> _GIVEN RECORDS_
● ● ● ●

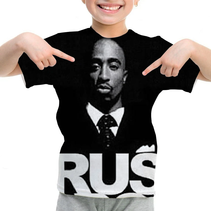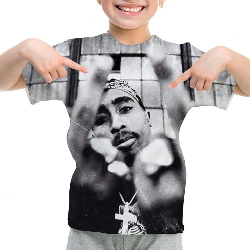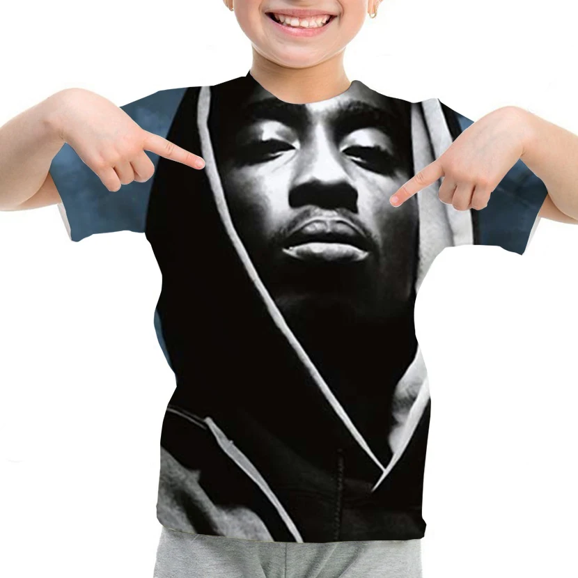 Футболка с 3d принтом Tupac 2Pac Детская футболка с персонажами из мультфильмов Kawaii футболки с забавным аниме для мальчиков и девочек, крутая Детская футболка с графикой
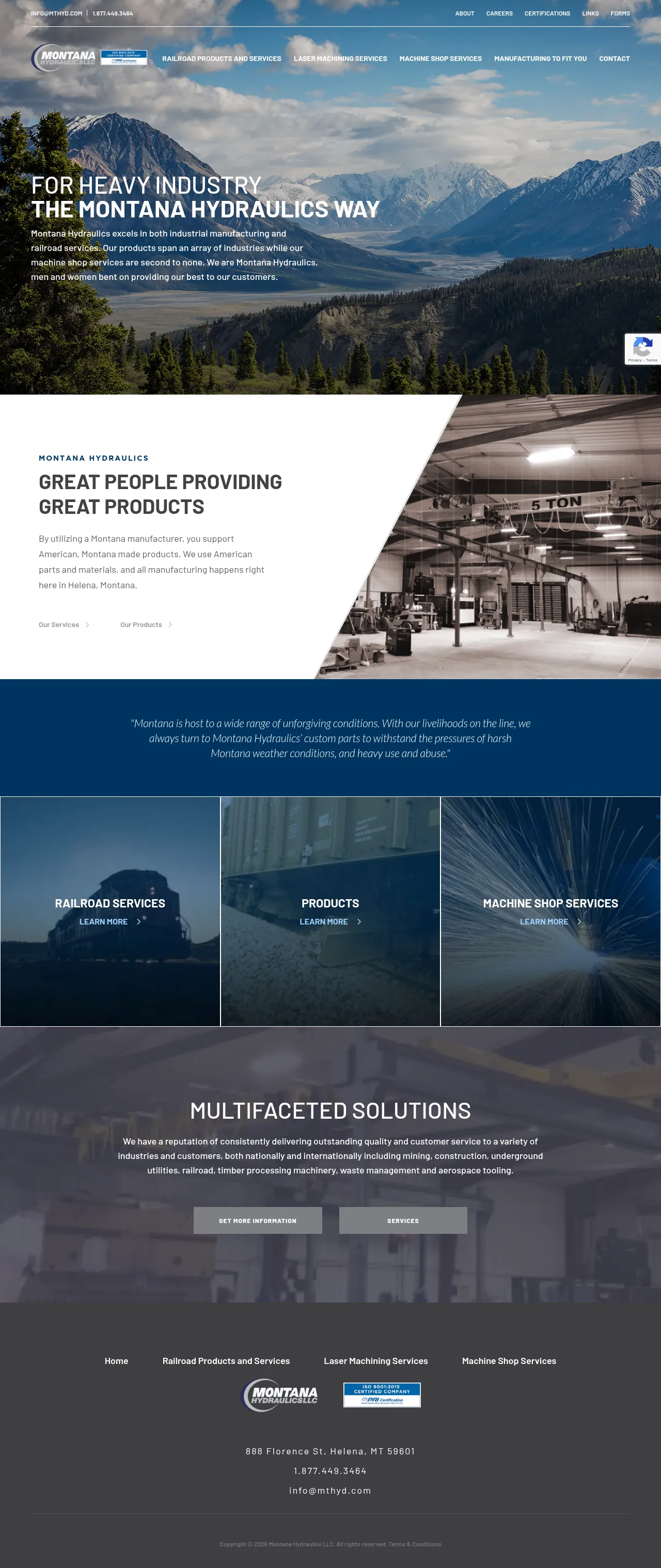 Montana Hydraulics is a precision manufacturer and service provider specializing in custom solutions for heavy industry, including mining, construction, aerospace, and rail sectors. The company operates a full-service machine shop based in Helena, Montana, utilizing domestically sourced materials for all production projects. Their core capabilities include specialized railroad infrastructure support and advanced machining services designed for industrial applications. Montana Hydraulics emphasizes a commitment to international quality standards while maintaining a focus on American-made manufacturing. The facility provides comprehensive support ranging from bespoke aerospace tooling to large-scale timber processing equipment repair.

● ● ● ●

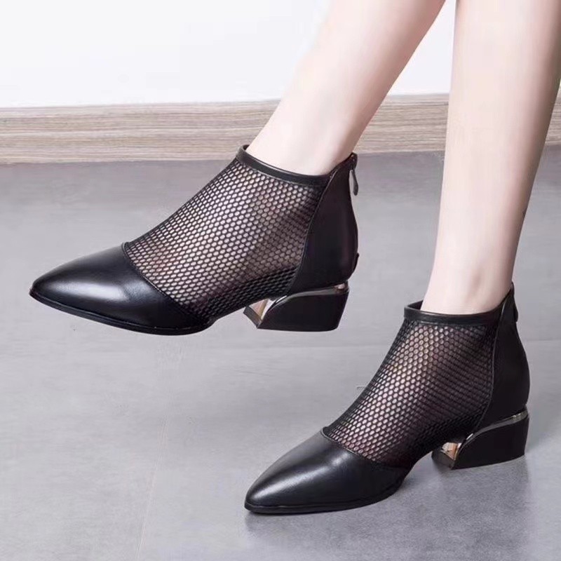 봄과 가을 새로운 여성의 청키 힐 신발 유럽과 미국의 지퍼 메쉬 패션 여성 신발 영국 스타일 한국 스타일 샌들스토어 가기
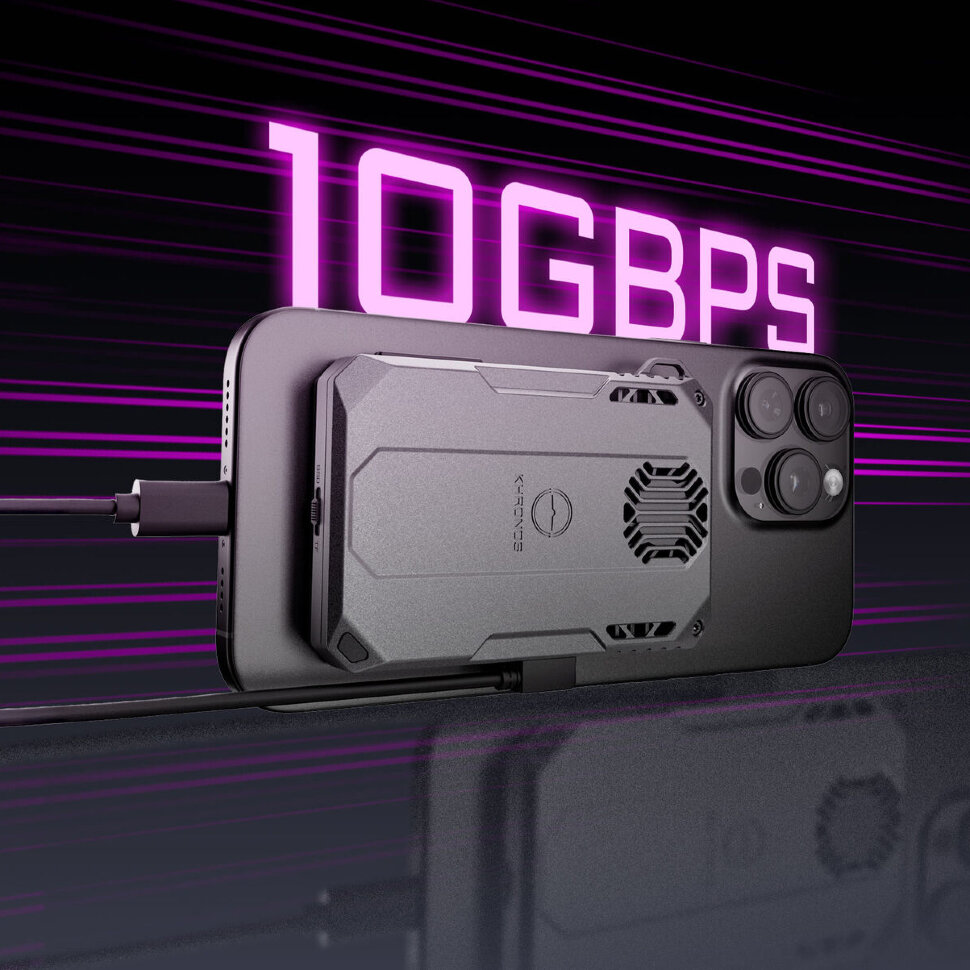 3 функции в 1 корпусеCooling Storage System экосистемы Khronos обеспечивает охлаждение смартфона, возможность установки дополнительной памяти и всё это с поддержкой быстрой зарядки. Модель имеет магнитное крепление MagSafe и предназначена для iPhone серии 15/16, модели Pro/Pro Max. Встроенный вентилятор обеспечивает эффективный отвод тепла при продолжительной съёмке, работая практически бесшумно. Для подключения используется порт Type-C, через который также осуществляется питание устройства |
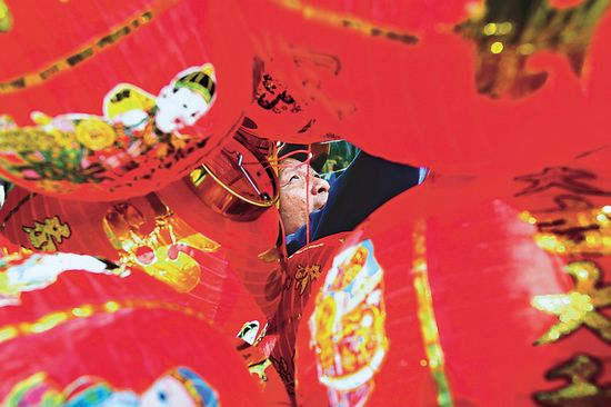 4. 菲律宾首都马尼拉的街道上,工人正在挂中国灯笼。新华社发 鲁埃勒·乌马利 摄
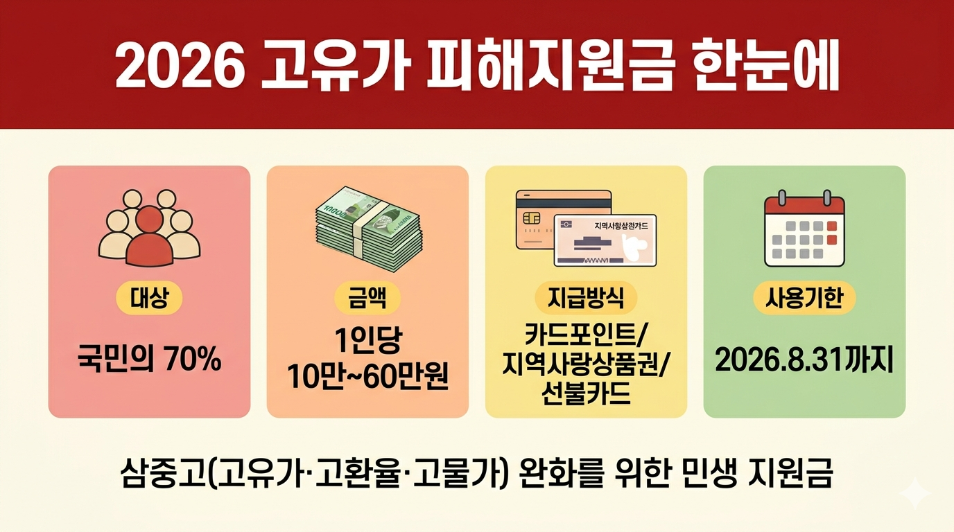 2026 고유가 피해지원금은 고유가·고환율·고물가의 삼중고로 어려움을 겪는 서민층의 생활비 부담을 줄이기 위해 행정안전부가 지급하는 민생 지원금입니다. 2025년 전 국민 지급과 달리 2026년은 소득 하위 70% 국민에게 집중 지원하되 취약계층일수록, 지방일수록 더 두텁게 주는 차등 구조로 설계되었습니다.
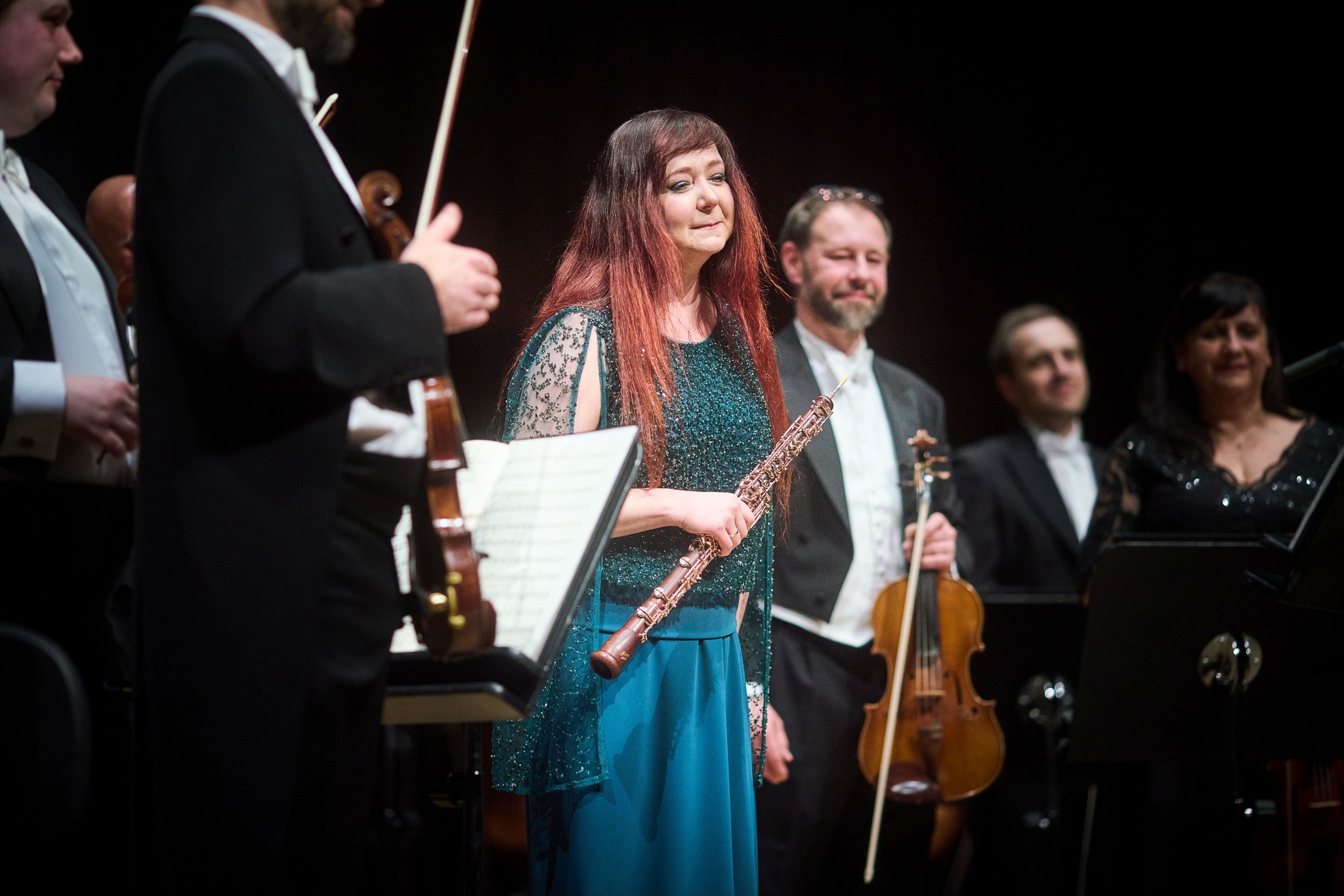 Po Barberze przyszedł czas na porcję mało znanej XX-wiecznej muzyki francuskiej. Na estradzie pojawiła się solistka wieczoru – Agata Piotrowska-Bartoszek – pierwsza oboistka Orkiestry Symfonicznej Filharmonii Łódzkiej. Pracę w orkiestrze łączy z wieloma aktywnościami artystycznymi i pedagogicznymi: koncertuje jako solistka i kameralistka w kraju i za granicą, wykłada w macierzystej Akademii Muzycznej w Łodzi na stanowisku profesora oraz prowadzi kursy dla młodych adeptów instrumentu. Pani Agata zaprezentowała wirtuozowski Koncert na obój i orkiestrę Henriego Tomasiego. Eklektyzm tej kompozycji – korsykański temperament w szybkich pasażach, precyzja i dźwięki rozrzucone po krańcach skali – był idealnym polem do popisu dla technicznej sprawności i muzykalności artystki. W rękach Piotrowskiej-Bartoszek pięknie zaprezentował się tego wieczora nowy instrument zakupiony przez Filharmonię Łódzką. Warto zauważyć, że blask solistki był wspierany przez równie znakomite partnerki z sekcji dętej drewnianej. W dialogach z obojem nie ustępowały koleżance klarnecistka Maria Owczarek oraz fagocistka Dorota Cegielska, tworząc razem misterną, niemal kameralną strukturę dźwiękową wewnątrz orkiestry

● ● ● ●

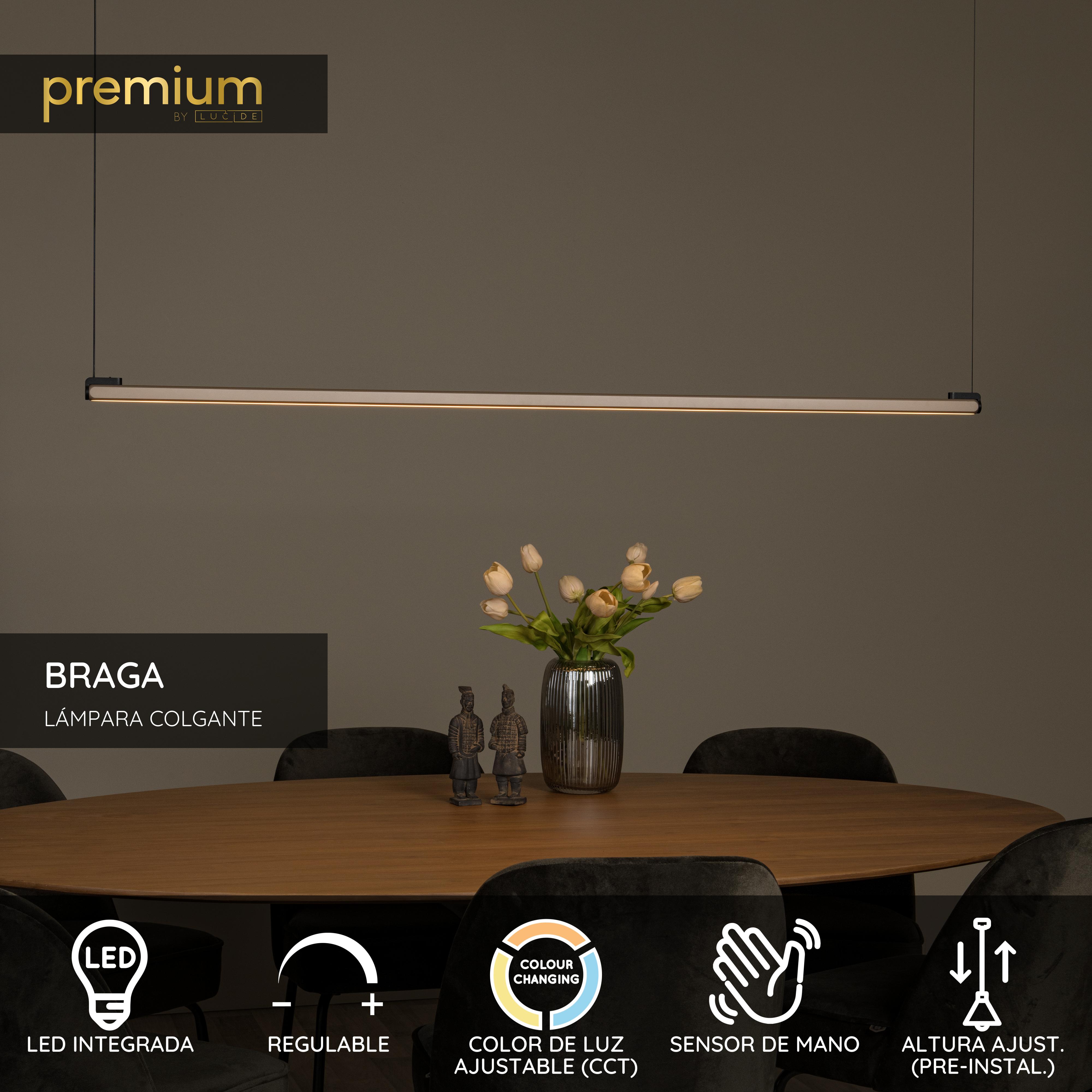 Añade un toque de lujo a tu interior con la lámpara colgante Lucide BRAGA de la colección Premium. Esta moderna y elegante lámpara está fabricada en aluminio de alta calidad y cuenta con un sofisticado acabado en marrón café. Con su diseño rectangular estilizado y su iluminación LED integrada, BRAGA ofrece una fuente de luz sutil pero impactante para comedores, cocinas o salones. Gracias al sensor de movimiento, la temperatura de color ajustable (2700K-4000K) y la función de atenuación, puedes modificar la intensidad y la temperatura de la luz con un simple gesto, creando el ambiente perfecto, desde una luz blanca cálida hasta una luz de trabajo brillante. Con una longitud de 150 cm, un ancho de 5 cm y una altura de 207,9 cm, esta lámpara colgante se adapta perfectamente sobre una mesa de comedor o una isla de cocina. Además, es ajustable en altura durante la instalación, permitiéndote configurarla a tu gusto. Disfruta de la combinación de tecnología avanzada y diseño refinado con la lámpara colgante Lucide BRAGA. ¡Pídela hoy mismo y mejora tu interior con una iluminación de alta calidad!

● ● ● ●

> _WHAT TO PRODUCE_
Nothing but the lines from the one with "Футболка с 3d" to the one with "Montana Hydraulics is" above, both included, should be transcribed, exactly and without pictures.

> _SOLUTION TO THE PROBLEM_
 Футболка с 3d принтом Tupac 2Pac Детская футболка с персонажами из мультфильмов Kawaii футболки с забавным аниме для мальчиков и девочек, крутая Детская футболка с графикой
 Montana Hydraulics is a precision manufacturer and service provider specializing in custom solutions for heavy industry, including mining, construction, aerospace, and rail sectors. The company operates a full-service machine shop based in Helena, Montana, utilizing domestically sourced materials for all production projects. Their core capabilities include specialized railroad infrastructure support and advanced machining services designed for industrial applications. Montana Hydraulics emphasizes a commitment to international quality standards while maintaining a focus on American-made manufacturing. The facility provides comprehensive support ranging from bespoke aerospace tooling to large-scale timber processing equipment repair.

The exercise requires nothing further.